Recurring throughout Museum of Stones are images from extended travel in South America, in which the narrator’s witness to suffering in Peru prefigures her experience of her child: an unruly other, a constellation of sorrows that is much too big for one person to fix or contain. Global inequality manifests here in specific scenes of personal heartbreak, like the mother in a rural village with no way to transport her seriously ill daughter to medical care.

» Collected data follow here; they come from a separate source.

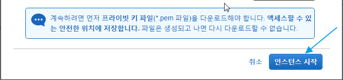 파일을 다운로드하면 인스턴스 시작 버튼이 활성화되는데 이 버튼을 눌러주시면 됩니다.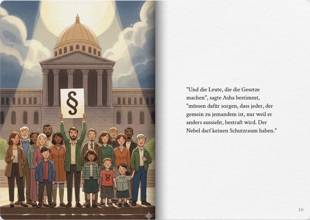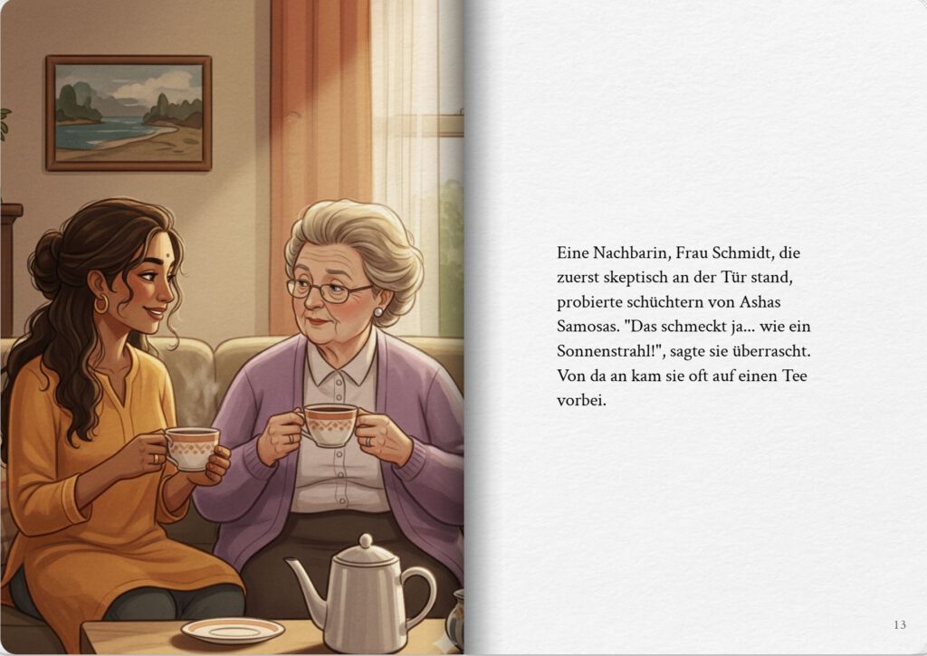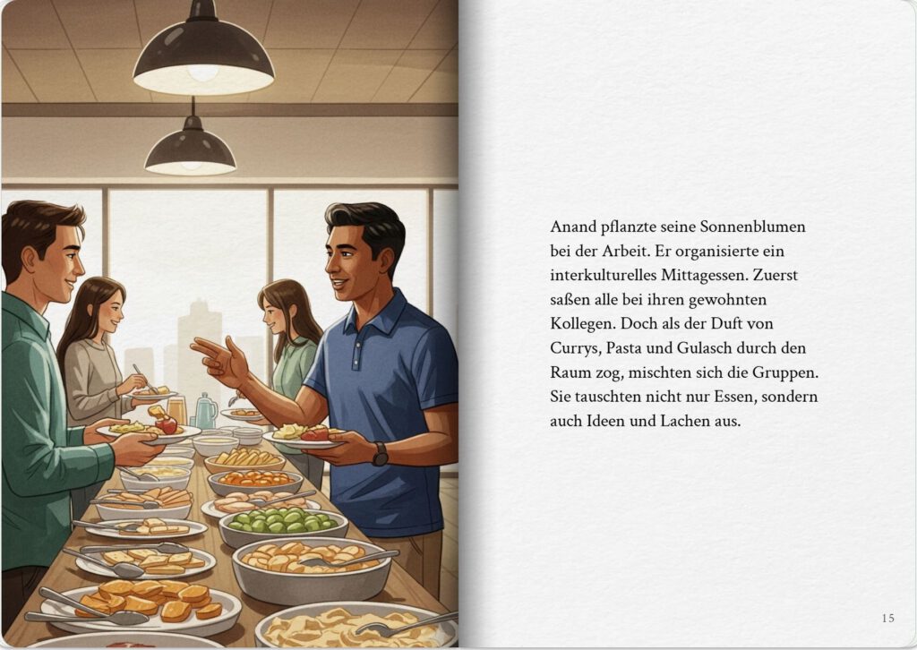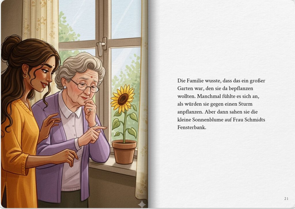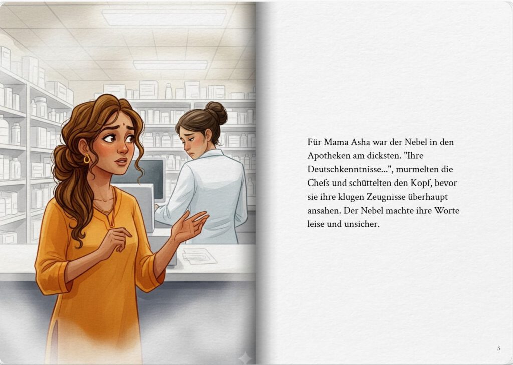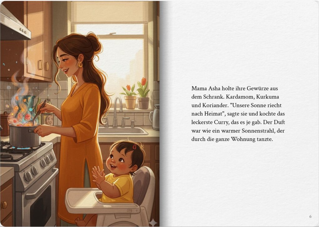 Eine Geschichte über eine junge Familie aus Indien, die nach Deutschland gezogen ist. Die Geschichte richtet sich an Kinder im Grundschulalter und soll ihnen und ihren Eltern Strategien an die Hand geben, wie sie mit Diskriminierung umgehen und sich in ihrer neuen Heimat wohlfühlen können.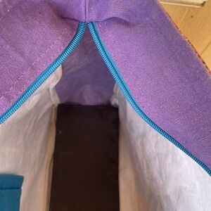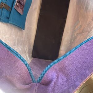 This is a great tote bag. It has been used and loved. Has been used for the beach, groceries, travel, you name it. This bag has done it all and can do it all still. The zipper on the top no longer works, and the charm/zipper has fallen off. Heavy canvas that is waterproof on the inside. Removable bottom insert. There is a zip pouch as well as a sunglasses or cell phone spot inside. There are marks on the outside please see all pictures. No holes through the bag, but it may need some TLC from the next owner, depending on what you want to use it for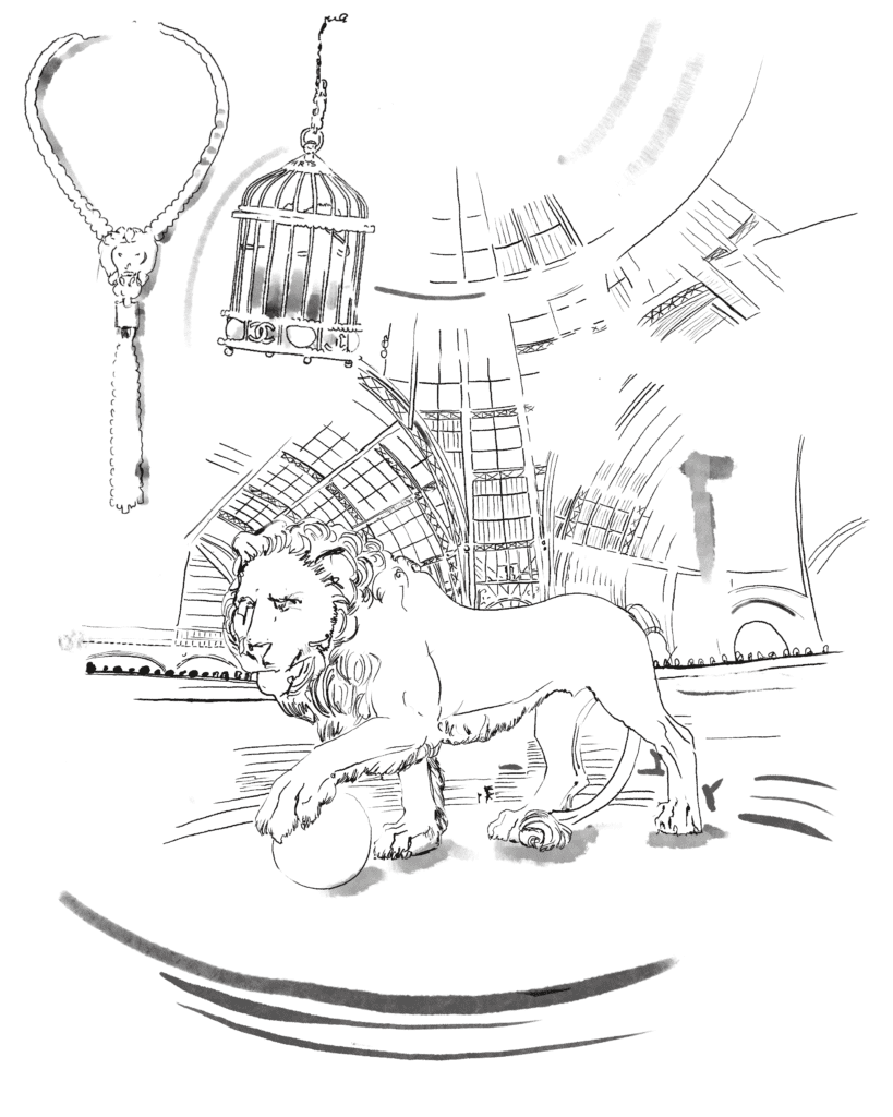 Née sous le signe du Lion, elle s’identifie à l’animal, y voyant le reflet de sa propre force intérieure. Un séjour à Venise va renforcer cette fasci- nation dans les années 1920 : elle tombe sous le charme de la basilique Saint-Marc. Sur sa façade : le lion ailé, symbole de la cité et puissance protectrice. Le lion de la Sérénissime a transformé un marais en empire, dominé les mers, ouvert des comptoirs ; il fut la banque du monde et posséda une des flottes les plus redoutables de l’Histoire. Royal, mys- tique, il est intégré à l’univers créatif de la Maison, se fraie un chemin dans les collections, apparaît sous forme de broches, de boutons, de fer- moirs ou encore de sculptures miniatures. Le lion symbolise la femme CHANEL, forte, indépendante, majestueuse. Il incarne l’esprit d’une maison qui ne se laisse pas dominer, qui règne sur le monde du luxe.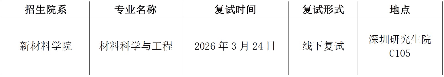 北京大学深圳研究生院新材料学院研究生招生工作坚持“公开、公平、公正”的基本原则,按需招生,德智体全面衡量,择优录取,宁缺毋滥。现将我院2026年博士研究生招生复试的相关工作说明如下: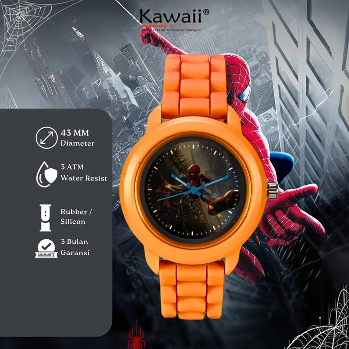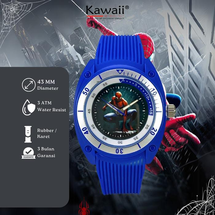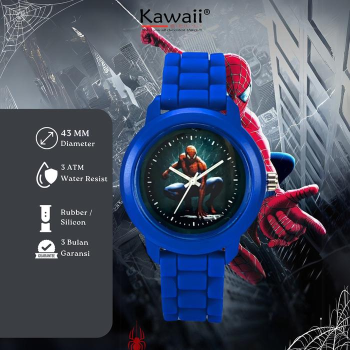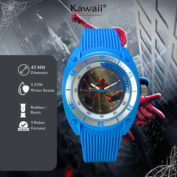 KAWAII JAM TANGAN SPIDERMAN ANAK ANALOG TAHAN AIR KARET SILICON WARNA-WARNI FASHION - BIRU MUDA V1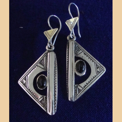 Bijou touareg, boucles d’oreille en argent, motifs gravés
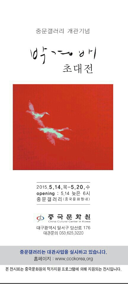 2015.05.14~05.20 중문갤러리 개관기념 박경배 초대전 페이지 정보 작성자 중국문화원 작성일15-11-12 13:45 조회2,518회 이전글 다음글 본문 2015.05.14 - 05.20 중국문화원내 중문갤러리 개관기념으로 박경배 초대전이 진행되었습니다^^ [이 게시물은 중국문화원님에 의해 2015-11-12 13:46:46 행사갤러리에서 이동 됨] [이 게시물은 중국문화원님에 의해 2015-11-12 13:50:28 자유게시판에서 이동 됨] 이전글 다음글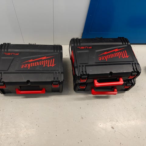 Milwaukee Fuel työkalulaukku. Kova muovinen kotelo sähkö- tai akkutyökalujen ja tarvikkeiden säilytykseen ja kuljettamiseen. Väriltään musta punaisilla yksityiskohdilla ja kantokahvalla. Soveltuu Milwaukee Fuel -sarjan työkaluille tai yleiskäyttöiseksi työkalulaukuksi. 30€ kpl tai 50€ molemmat.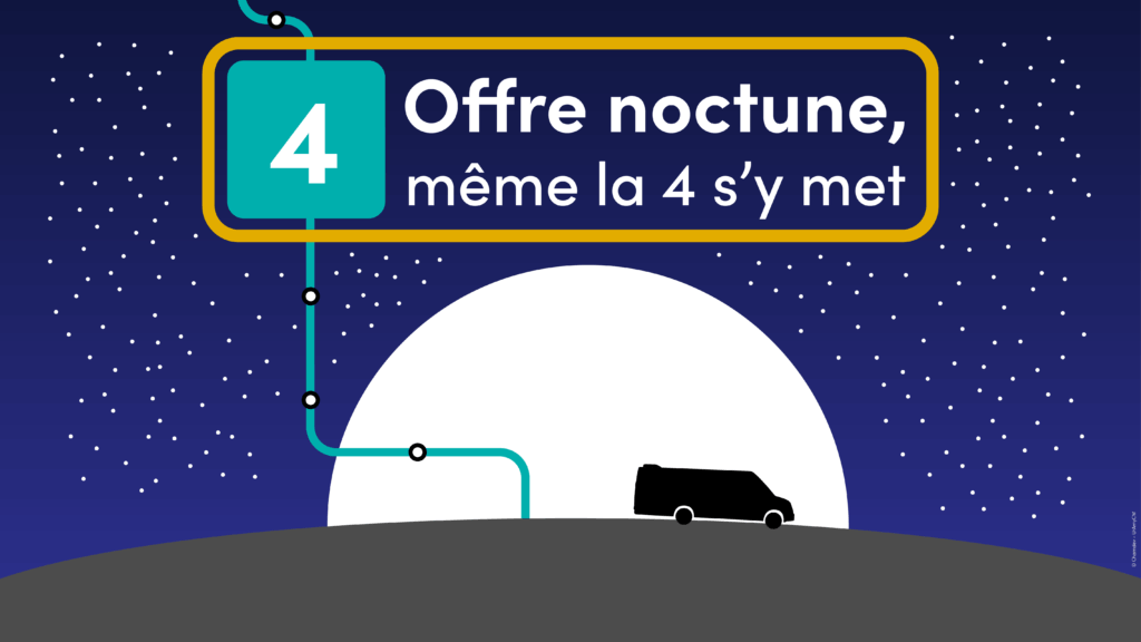 ![]() | Amplitude horaire : la ligne 4 circule désormais du lundi au dimanche ! Un service de réservation sur les heures nocturnes (23h-5h). Fréquence : la ligne se voit renforcée du lundi au samedi, quelle que soit l’heure. Une nouvelle offre de fréquence le dimanche. | Lundi au samedi : 6h à 22h Dimanche, 7h-9h puis 16h-18h. Un bus toutes les 9 minutes en pointe semaine. |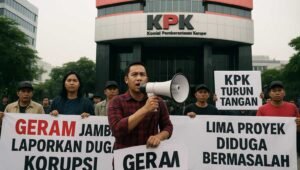 Merangin.(Benuajambi.com) – Puluhan Gerakan Mahasiswa Merangin Jambi (GMM Jambi), kembali berunjuk rasa jilid ll di Kantor Bupati Merangin terkait kasus kebocoran anggaran di DPRD Merangin sebesar Rp 2,2 Milyar, SK PPPK, dan Anggaran Makan Minum Rumah Dinas Bupati Merangin. Senin (10/07/23) Sekira Pukul 13:36 Wib.

An acquaintance in Peru calls the narrator “the one who is stained,” because of a birthmark on her face—again, red on white—and the moniker is apt. She is constantly attuned to darkness and disaster, her own and others’, and it makes her unwell; she may not be wrong, we tend to think uncharitably, when she laments, “Anyone…can care for him better than I.” This is motherhood as mental illness and mother as inexplicable Cassandra.
Lurie’s sometimes overwhelming narrator, and the events she endures, come to the fore, while Lurie herself stays in the background, composing quietly elegant sentences. (“I weave myself a crown using the ivy that grows between the rocks, unaware it is poison.”) In the background, too, is the narrator’s resilience and strength: though she gives herself very little credit for it, the reader slowly begins to admire this mother’s devotion to simply being present through the manifold discomforts of her particular motherhood, to doing better than her own mother did, and to supporting the strange gifts and intelligences that come along with her son’s struggles.
“How many times have I said my son’s name?” she reflects near the end of the book, as mother and son return to Peru together, and the place becomes an unexpected backdrop for the son’s remarkable adult competencies. “I walk beside him, occasionally falling a few steps behind.”
If motherhood takes every mother to the brink, then perhaps Lurie’s portrait of a woman perpetually on the edge is only an exaggeration of what is normal. Motherhood is not a “role” but a pervasive life condition, like a permanent amendment to one’s basic character. And, miraculously, childrearing tends toward growth and survival more often than not.
Lurie’s character had been attracted, as a young woman, to an antique Peruvian postcard captioned La Tejadora (“The Weaver”), and she has woven a certain pattern of understanding from her life’s disparate events. It may be a crown of poison or something more hopeful. In the same way, partly because of her choice to downplay most traditional techniques of fiction—dialogue and plot—Lurie has subtly constructed a picture of tenacious wholeness, if not health. “Stones erode, chip and cleave, yet remain essentially the same,” she writes.
The dreamlike quality of her narrative is, in the end, perhaps more true to life than a tidy narrative could be, and makes Museum of Stones a shimmering, poetic contribution to the world of mothers’ pathways.